• [Exercise directions]
Please restate word for word the lines of the entries below from the one with "襟のドレープデザインが特徴的" to the one with "En el video", inclusive, and leave out every picture.

• [Available records]

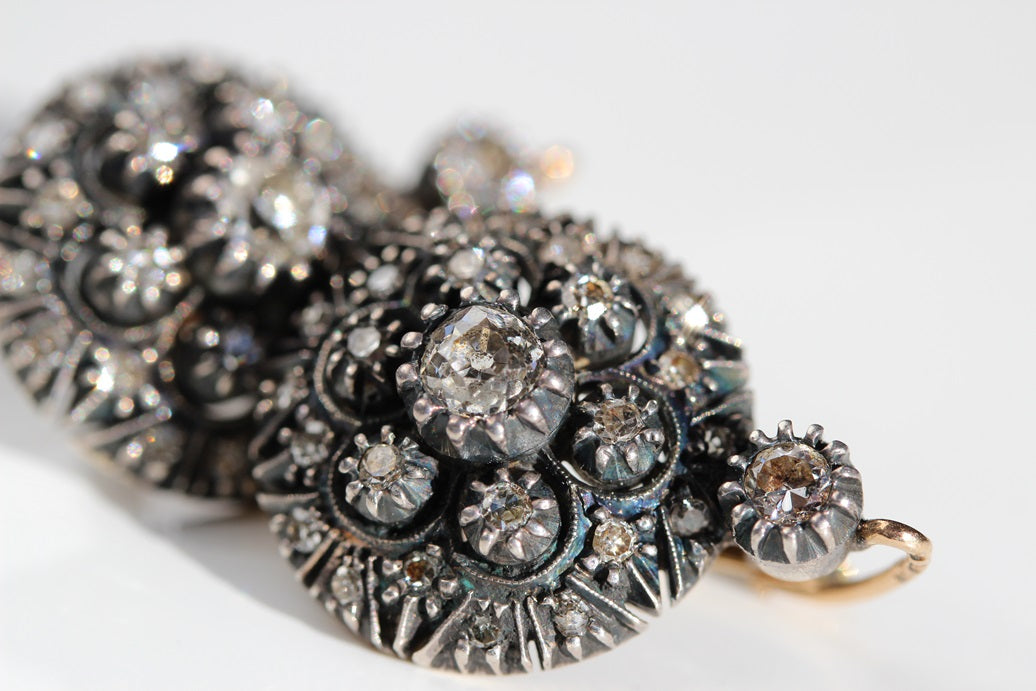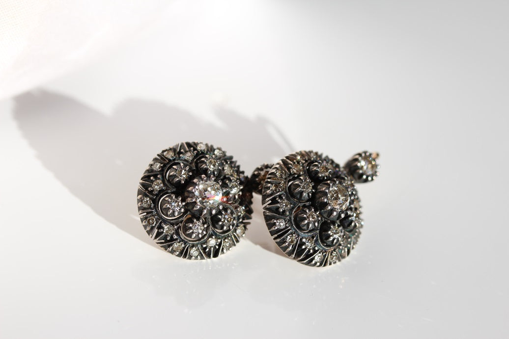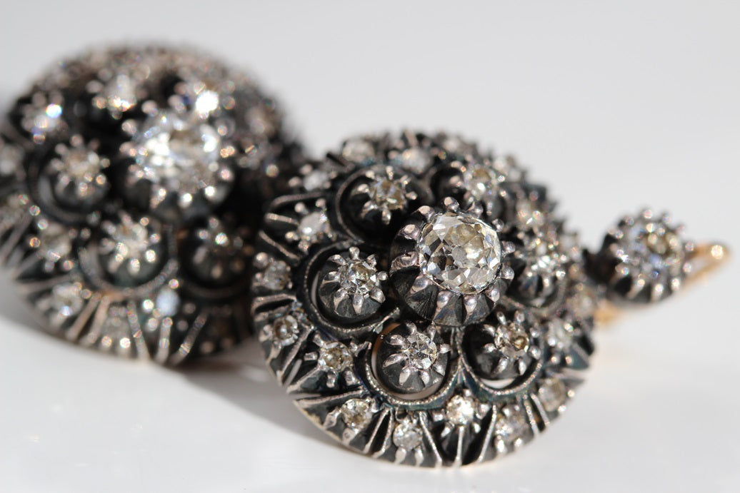 Antique Portuguese Old Cut Diamond Floral Cluster Earrings, Circa 1930s – E0119
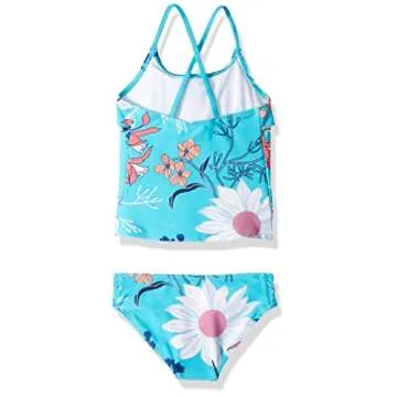 Kanu Surf girls Charlotte Flounce Tankini Beach Sport 2-piece Two Piece Swimsuit, Paige Aqua Floral, 10 US
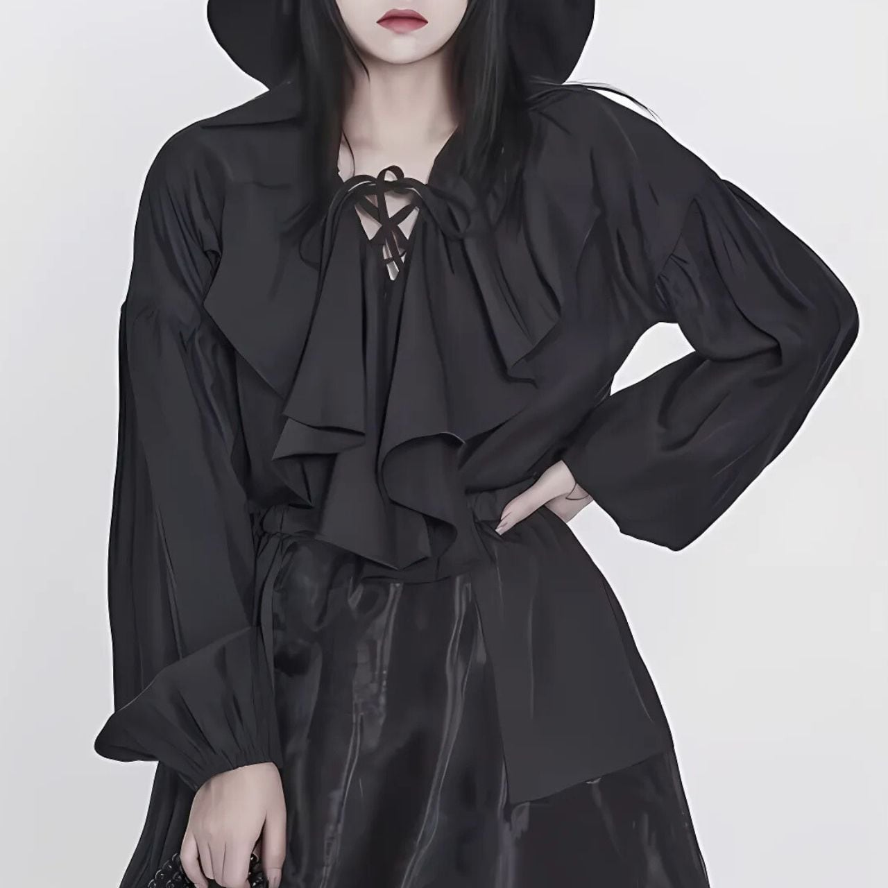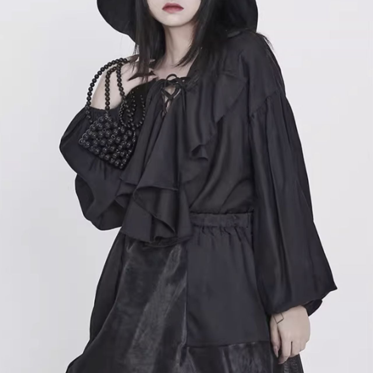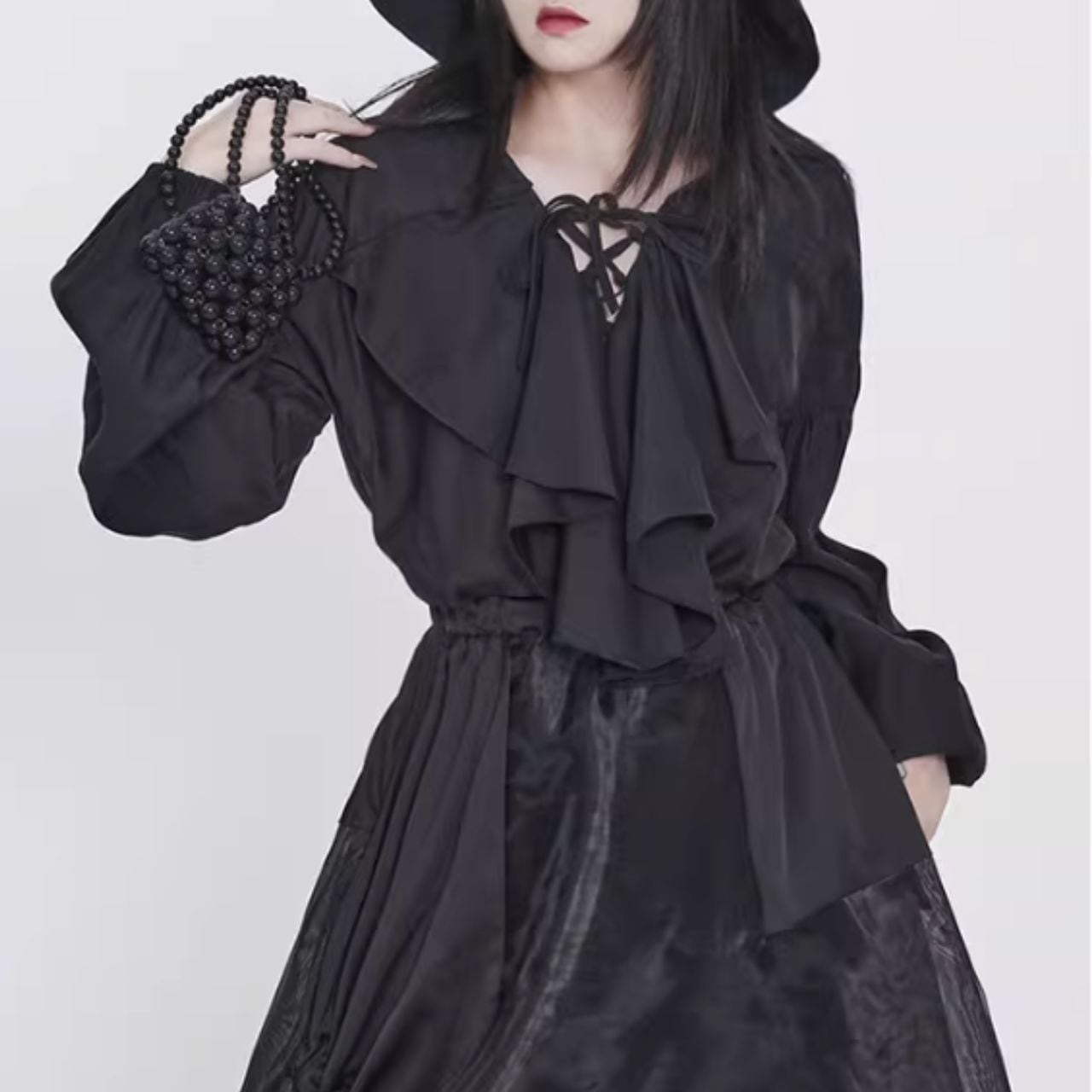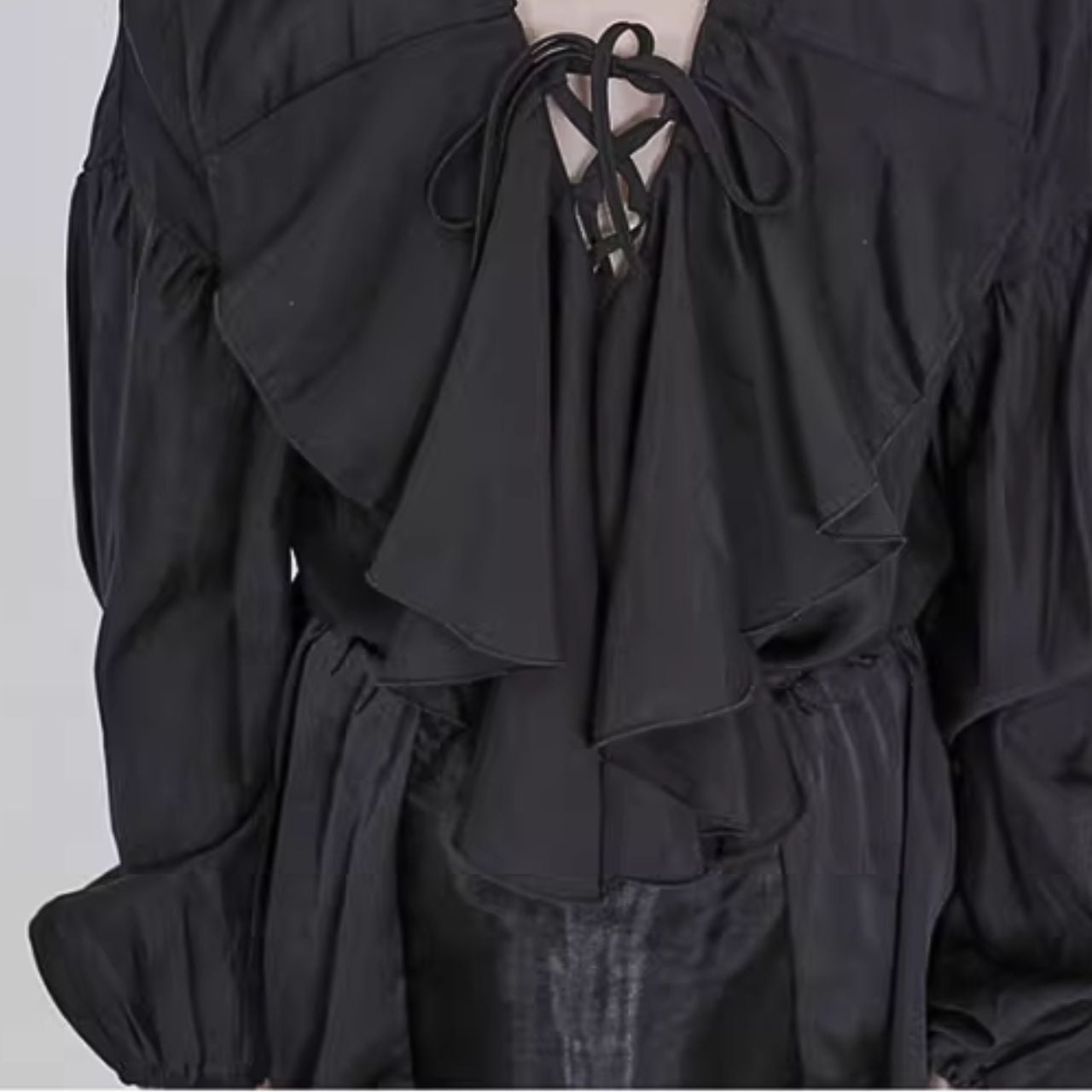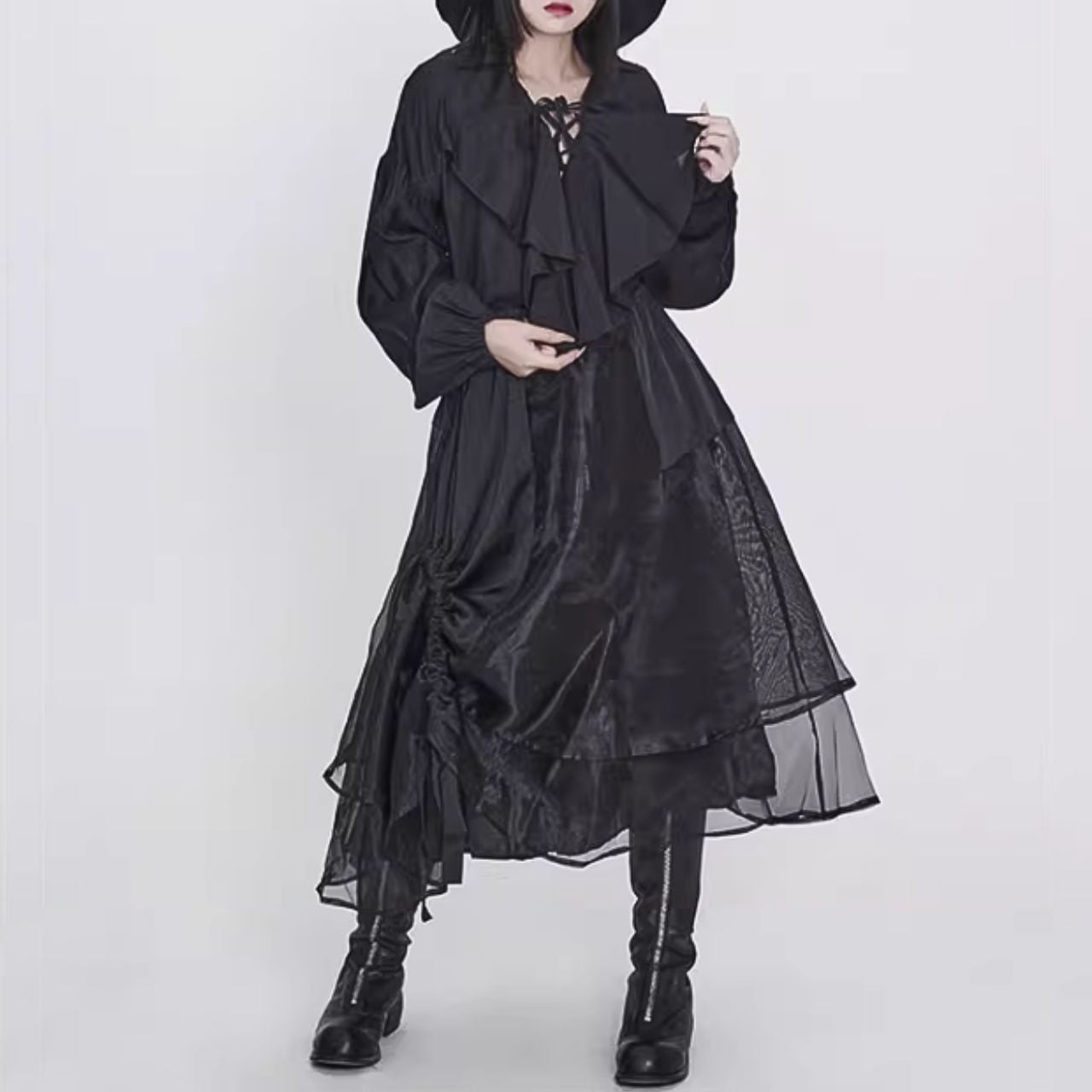襟のドレープデザインが特徴的で、全体に広がるボリュームのある袖口が優雅さを加えます。
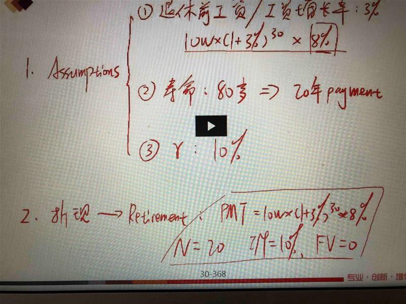 老师,这是关于DB plan老师在课上举的例子,有两个地方不太明白:1,为什么是乘以8%,而不是1%?2,前后两次折现的折现率既然是一样的,可不可以一次性折现到当前时间呢,比如直接N=50?谢谢!
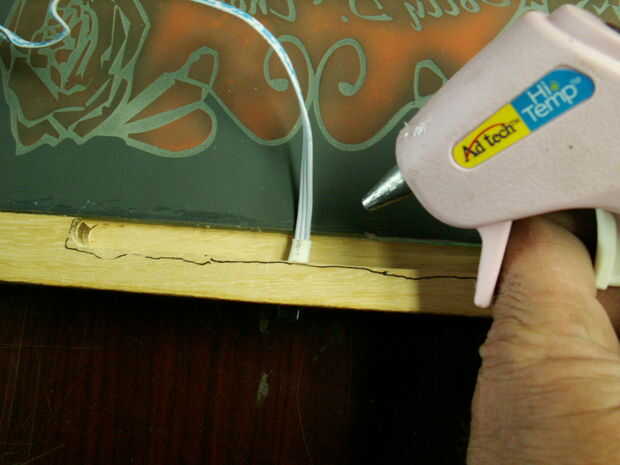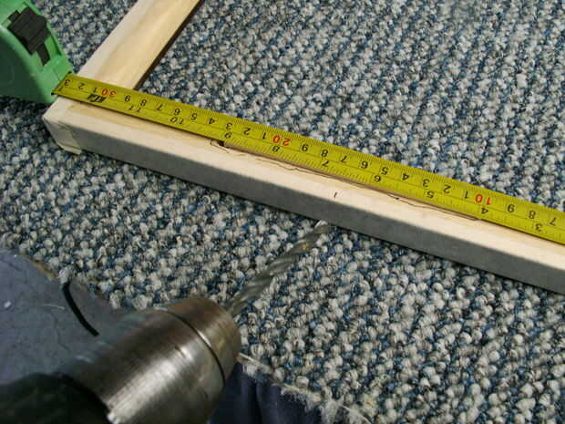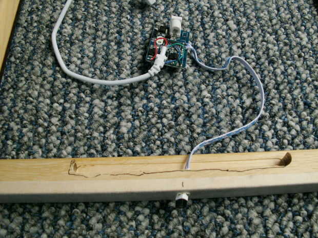 Después de la encaminamiento de la muesca, el centro del marco y taladrar 1/4" arriba de la parte inferior del marco de la muesca. Este agujero es para el sensor de control remoto infrarrojo receptor.
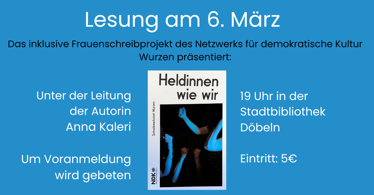 Das inklusive Frauenschreibprojekt „Heldinnen wie wir“ des Netzwerks für demokratische Kultur Wurzen brachte unter Leitung der Autorin Anna Kaleri Frauen verschiedenster Lebensrealitäten ins Sprechen und Schreiben – von Schülerinnen über Feministinnnen, Frauen mit Fluchterfahrung bis hin zu Seniorinnen und Bewohnerinnen betreuten Wohnens.
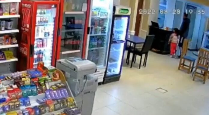 En el video se puede observar como el hombre, en compañía de su hija, roba el teléfono del mostrador.
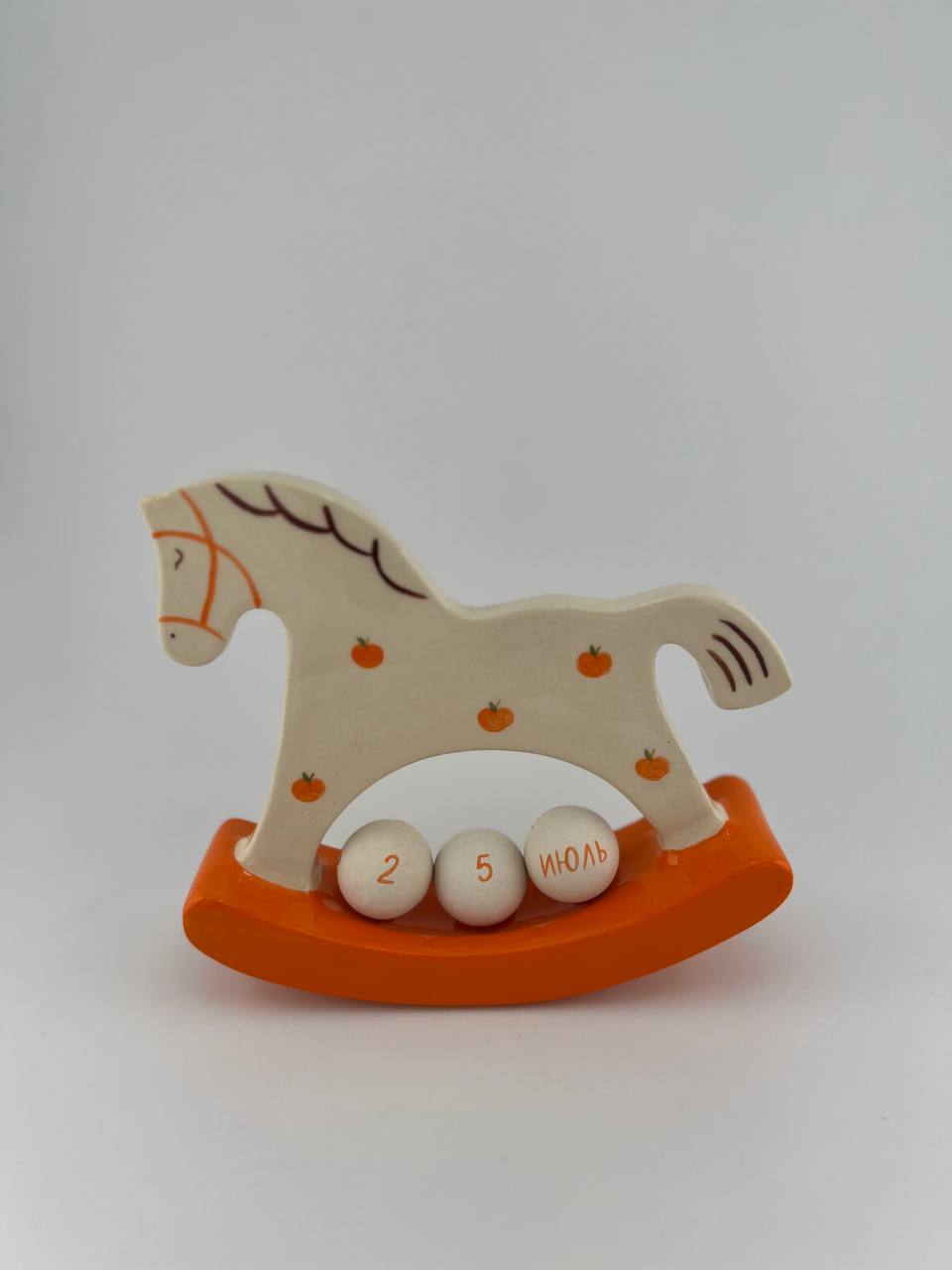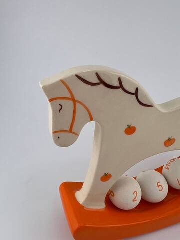 Настольный вечный календарь - это лошадка в авторской росписи c шариками, на которых написаны названия двенадцати месяцев и числа, которые складываются в актуальные даты календаря.

• [Finished task]
襟のドレープデザインが特徴的で、全体に広がるボリュームのある袖口が優雅さを加えます。
 老师,这是关于DB plan老师在课上举的例子,有两个地方不太明白:1,为什么是乘以8%,而不是1%?2,前后两次折现的折现率既然是一样的,可不可以一次性折现到当前时间呢,比如直接N=50?谢谢!
 Después de la encaminamiento de la muesca, el centro del marco y taladrar 1/4" arriba de la parte inferior del marco de la muesca. Este agujero es para el sensor de control remoto infrarrojo receptor.
 Das inklusive Frauenschreibprojekt „Heldinnen wie wir“ des Netzwerks für demokratische Kultur Wurzen brachte unter Leitung der Autorin Anna Kaleri Frauen verschiedenster Lebensrealitäten ins Sprechen und Schreiben – von Schülerinnen über Feministinnnen, Frauen mit Fluchterfahrung bis hin zu Seniorinnen und Bewohnerinnen betreuten Wohnens.
 En el video se puede observar como el hombre, en compañía de su hija, roba el teléfono del mostrador.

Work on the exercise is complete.